- _Task description_: Output each line of the listing exactly, though pictures are not to appear.

- _Material provided_:

Content starts

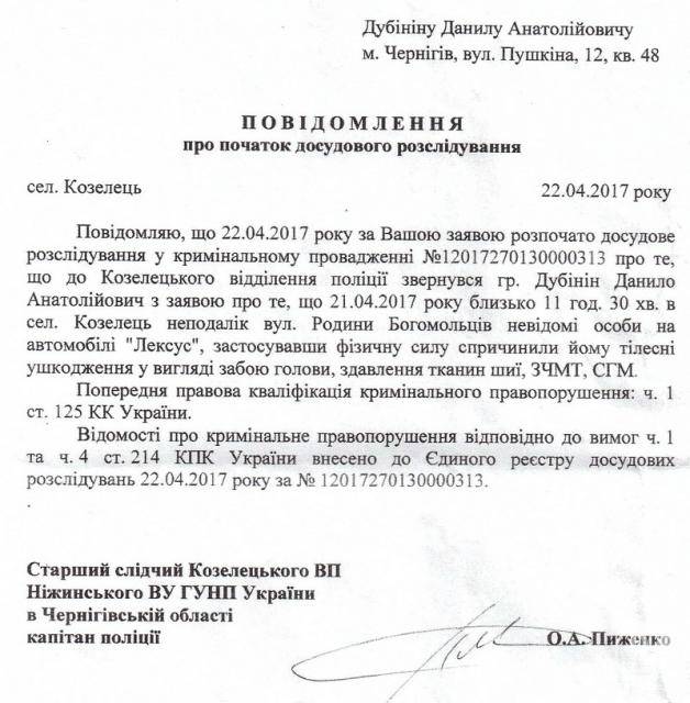 26.04.2017 Поліція побачила кримінал у побитті активіста в Козельці за участю колишнього міліціонера
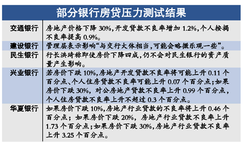 某家股份制銀行高層對(duì)記者表示,雖然在輕度和中度壓力環(huán)境下,銀行風(fēng)險(xiǎn)質(zhì)量得到了很好的控制,但是壓力測(cè)試結(jié)果顯示,在房?jī)r(jià)下調(diào)30%、基準(zhǔn)利率上浮108個(gè)基點(diǎn)的重度環(huán)境下,商業(yè)銀行的房地產(chǎn)貸款不良率會(huì)出現(xiàn)較大幅度躍升。
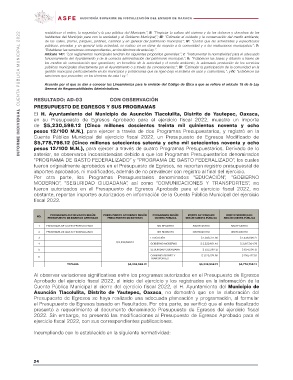 2022. Sin embargo, no presentó las modificaciones al Presupuesto de Egresos Aprobado para el
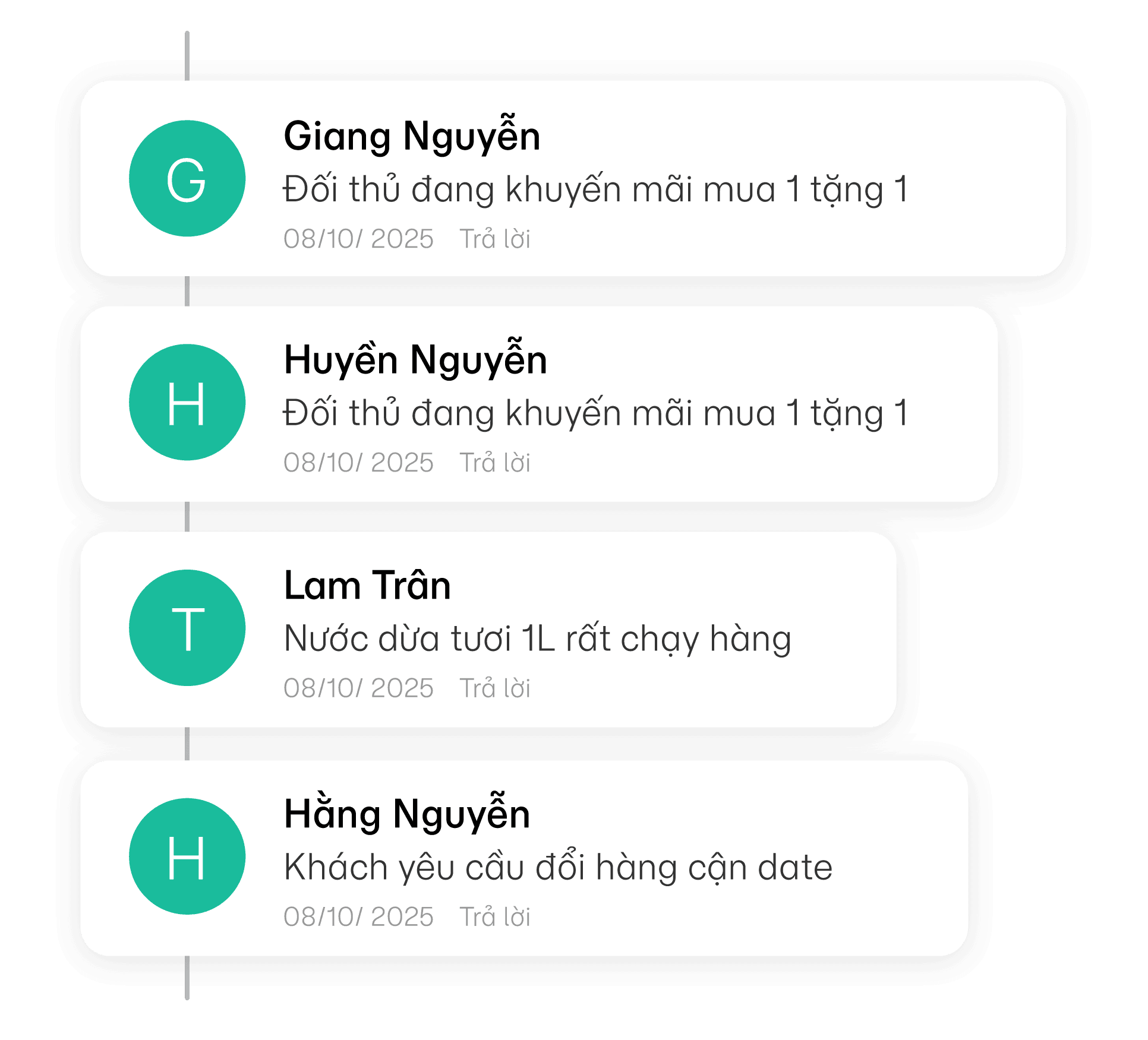 • Tình báo Cạnh tranh: Khuyến mãi, sản phẩm mới, chính sách giá của đối thủ.

Content ends

- _Your response_:
 26.04.2017 Поліція побачила кримінал у побитті активіста в Козельці за участю колишнього міліціонера
 某家股份制銀行高層對(duì)記者表示,雖然在輕度和中度壓力環(huán)境下,銀行風(fēng)險(xiǎn)質(zhì)量得到了很好的控制,但是壓力測(cè)試結(jié)果顯示,在房?jī)r(jià)下調(diào)30%、基準(zhǔn)利率上浮108個(gè)基點(diǎn)的重度環(huán)境下,商業(yè)銀行的房地產(chǎn)貸款不良率會(huì)出現(xiàn)較大幅度躍升。
 2022. Sin embargo, no presentó las modificaciones al Presupuesto de Egresos Aprobado para el
 • Tình báo Cạnh tranh: Khuyến mãi, sản phẩm mới, chính sách giá của đối thủ.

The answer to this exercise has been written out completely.